RM Sotheby’s is delighted to announce the recent Sports and Racing Consignments for Monaco. The collection is taking place on 14 May 2022.
See some highlights of the RM Sotheby’s collection and register to bid here:
1965 Ferrari 275 GTB By Scaglietti
By 1963, the popular 250 GT series had been in production for 11 years and was approaching the end of its life cycle. Ferrari’s engineering team sought to replace the 250 series with a new, more luxurious V-12 powered alternative, while maintaining Ferrari’s fine tradition of dual-purpose “berlinetta” models adept on either road or track, which had cemented its tremendous sporting reputation. Renowned British racer, Michael Parkes—at the time a Maranello works driver—participated in considerable testing to assist in the development of Ferrari’s newest berlinetta.
2001 Lamborghini Diablo GT
As with many small-volume car manufacturers, the corporate history of Lamborghini is a long and intricate one. Remarkably, Feruccio Lamborghini remained at the helm of his eponymous company for just nine years, selling a majority stake in 1972 and departing Sant’Agata Bolognese entirely in 1974. The company filed for bankruptcy in 1978, although in magnificently stoic Lamborghini fashion, production of their ageing Countach continued. Finally, in 1984, the company received the stability and investment it had craved, with its purchase by charismatic French brothers, Jean-Claude and Patrick Mimran.
2021 Mercedes-AMG GT Black Series
From the moment the famous 300 SEL “Red Pig” fired its engine in anger at Spa-Francorchamps in 1971, tuning giant AMG and Stuttgart powerhouse Mercedes-Benz have worked hand-in-glove to create some of the world’s most fearsome sports and racing cars. The 2015 Mercedes-AMG GT represents just the second time engineers at Affalterbach were given free rein to create a car from scratch. Since then, AMG has run with the idea, incorporating knowledge gained from the GT3 and GT4 race programmes, fettling and refining the formula with increasingly visceral successive iterations that have transformed the GT from grand tourer into full-blooded supercar. Six years on, the Mercedes-AMG GT Black Series emerged as the purest, most powerful expression of that vision—a cutting-edge machine with Touring Car DNA that blurs the line between road and track.

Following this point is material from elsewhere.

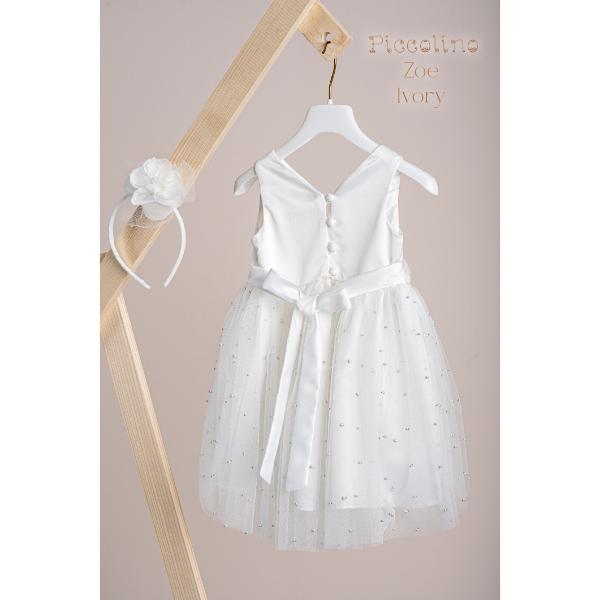 Βαπτιστικό φόρεμα Piccolino Zoe Ivory. Φόρεμα μεσάτο με ένα ιδιαίτερα γοητευτικό μπούστο με πιέτες από σατέν με ζωνάκι από σατέν που καταλήγει σε δέσιμο φιογκάκι πίσω στην πλάτη. Εντυπωσιακή ασύμμετρη τούλινη φούστα με πέρλες, με πιο μακρύ το πίσω μέρος της. Το ντεκόρ του φορέματος αποτελείται από χειροποίητο λουλούδι, στρας και μαραμπού. Το φόρεμα συνοδεύεται από στέκα με ντεκόρ όμοιο με το φόρεμα.

1965 Ferrari 275 GTS By Pininfarina
Ferrari announced the launch of the 275 series in October 1964 at the Salon de L’Automobile in Paris. The series consisted of a hard-top berlinetta, dubbed the “GTB”, and cabriolet spider, from which the GTS takes its name. Both bodies were designed by Pininfarina. While the chassis and engines for the two models were essentially identical, the similarities ended there. The GTB body was fabricated by Maranello’s preferred competition coachbuilder Scaglietti, while the more luxuriously appointed GTS was constructed at Pininfarina’s Grugliasco factory.
2001 Lamborghini Diablo VT 6.0
The Lamborghini Diablo represented a huge leap forward in 1990, presenting enthusiasts with an all-new V-12 supercar to replace the ageing Countach—a model that had evolved and developed far beyond its original brief and pure Gandini design. An instant hit and genuine rival to Ferrari’s 512 TR, the Diablo was poster material from the moment of its launch, but it was the final variation—the VT 6.0—that represented the biggest milestone for the Sant’Agata manufacturer, as ownership transferred from an Indonesian consortium to Volkswagen in 1998, with the marque falling under the auspices of Audi.
2009 Ferrari 430 Scuderia Spider 16M
Ferrari built its reputation on the circuits of Europe in the post-war period, creating its mythos through competition success and the pursuit of the top prizes in motorsport. So, it is fitting that one of the greatest roadsters of the modern period—indeed, the fastest open Prancing Horse to ever lap the firm’s Fiorano test track—was commissioned in honour of victory at the highest level.